El desagrado que sienten varias de las facciones revolucionarias hacia quienes formaron parte del antiguo régimen es manifiesto, y se expresó de forma especialmente grave el 28 de julio, cuando Abdel Fatah Younis, exministro de Interior gadafista y después comandante de las fuerzas rebeldes, fue detenido y asesinado por una milicia revolucionaria.
Belhaj ha exigido la renuncia de Mustafa Abdulyalil, el presidente del CNT, y Mahmoud Jibril, quien ejerce como primer ministro al encabezar la mesa ejecutiva del CNT, con base en que el primero fue ministro de justicia de Gadafi y el segundo, jefe de sus asesores económicos.
TENDENCIAS Y PLANES
Más allá de los enfrentamientos personales, los revolucionarios libios se empiezan a organizar en tendencias políticas. Noman Benotman es un libio de 44 años que, como Belhaj, fue miembro del CIGL y ahora, en Londres, está arrepentido de su pasado extremista y se convirtió en un experto en política árabe, en la Fundación Quilliam, un centro de estudios. En su análisis, los ex rebeldes se están agrupando en cuatro grandes líneas: nacionalistas, liberales, islamistas y secularistas.
Sus cálculos sobre el peso de cada sector no reflejan su posible impacto electoral, pues sólo se refiere al número de activistas que participan en la revolución, no a las simpatías que podrían tener entre la gente. Son un indicador valioso, no obstante, del mapa político libio.

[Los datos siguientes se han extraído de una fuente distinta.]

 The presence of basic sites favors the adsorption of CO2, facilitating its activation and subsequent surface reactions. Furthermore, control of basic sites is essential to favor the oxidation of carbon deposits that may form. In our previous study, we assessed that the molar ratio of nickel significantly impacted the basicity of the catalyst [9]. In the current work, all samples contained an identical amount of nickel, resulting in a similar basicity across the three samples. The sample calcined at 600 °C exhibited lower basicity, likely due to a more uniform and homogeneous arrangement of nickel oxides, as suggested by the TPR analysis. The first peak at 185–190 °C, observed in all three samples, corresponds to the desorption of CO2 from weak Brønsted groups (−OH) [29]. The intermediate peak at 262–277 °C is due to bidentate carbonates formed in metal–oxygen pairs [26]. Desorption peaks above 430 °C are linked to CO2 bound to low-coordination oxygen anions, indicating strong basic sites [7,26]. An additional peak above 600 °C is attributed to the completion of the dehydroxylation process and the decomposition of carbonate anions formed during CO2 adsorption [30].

En el campo nacionalista se enmarca un 40 o 50 por ciento. Los describe como jugadores no ideologizados que quieren establecer un estado civil democrático, en el que el islam no jugará un papel primordial pero seguirá siendo integral en la cultura libia. Mustafa Abdulyalil, el presidente del CNT, es uno de ellos.

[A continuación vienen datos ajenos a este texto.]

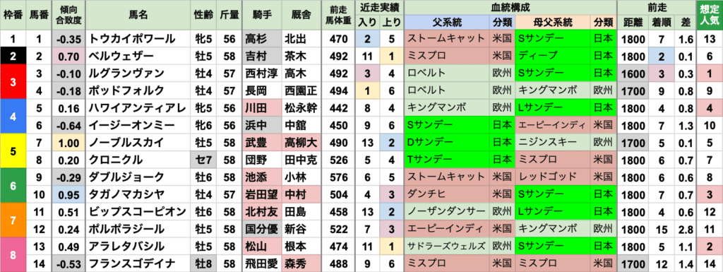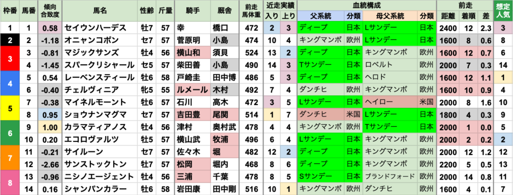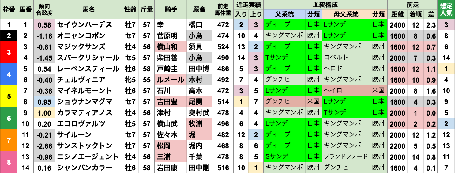 | 人気 | 1番人気が4勝している一方で、隔年で6→5→8番人気が勝っている 12頭付近になりやすいが、二桁人気も2頭連対していて、大荒れしやすい |

Los liberales son un 20 o 25% de los activistas y aspiran a un sistema democrático abierto, con una economía de libre mercado y un ambiente socialmente liberal. Aquí se ubica Abdelhafiz Ghoga, vicepresidente del CNT y uno de los derechohumanistas que iniciaron el movimiento.
Los islamistas, que en conjunto forman un 20%, están divididos en excombatientes como Belhaj (2%), salafistas (una secta extremista, 12%) y otros afines a los Hermanos Musulmanes egipcios (más moderados, 6%).
Finalmente están los secularistas, que con un 2 o 5%, querrían establecer un estado ultra-laico del tipo de la Turquía de Atatürk.
Este panorama se presenta cuando muchos critican el papel del CNT, un órgano que no fue elegido democráticamente. Para alejar la idea de que él y sus colegas se quieren perpetuar en el poder, Abdelyalil prometió que todos renunciarían una vez que se declarara la liberación final de Libia (lo que debería haber ocurrido el viernes 21, ya cuando esta revista se encontraba en la imprenta).
Según los planes anunciados por el CNT, esto debería permitir la ampliación del Consejo, para incorporar más representantes de Trípoli y Misrata, y la formación de un gobierno interino que dentro de ocho meses celebre elecciones para integrar un “congreso nacional” de 200 miembros, que nombrará un primer ministro y redactará una constitución, que a su vez deberá ser aprobada antes de 60 días. Y un año después, los libios tendrán sus primeras elecciones multipartidistas.
Si todo sale bien, pues aunque la guerra ya casi acabó, ahora viene lo difícil.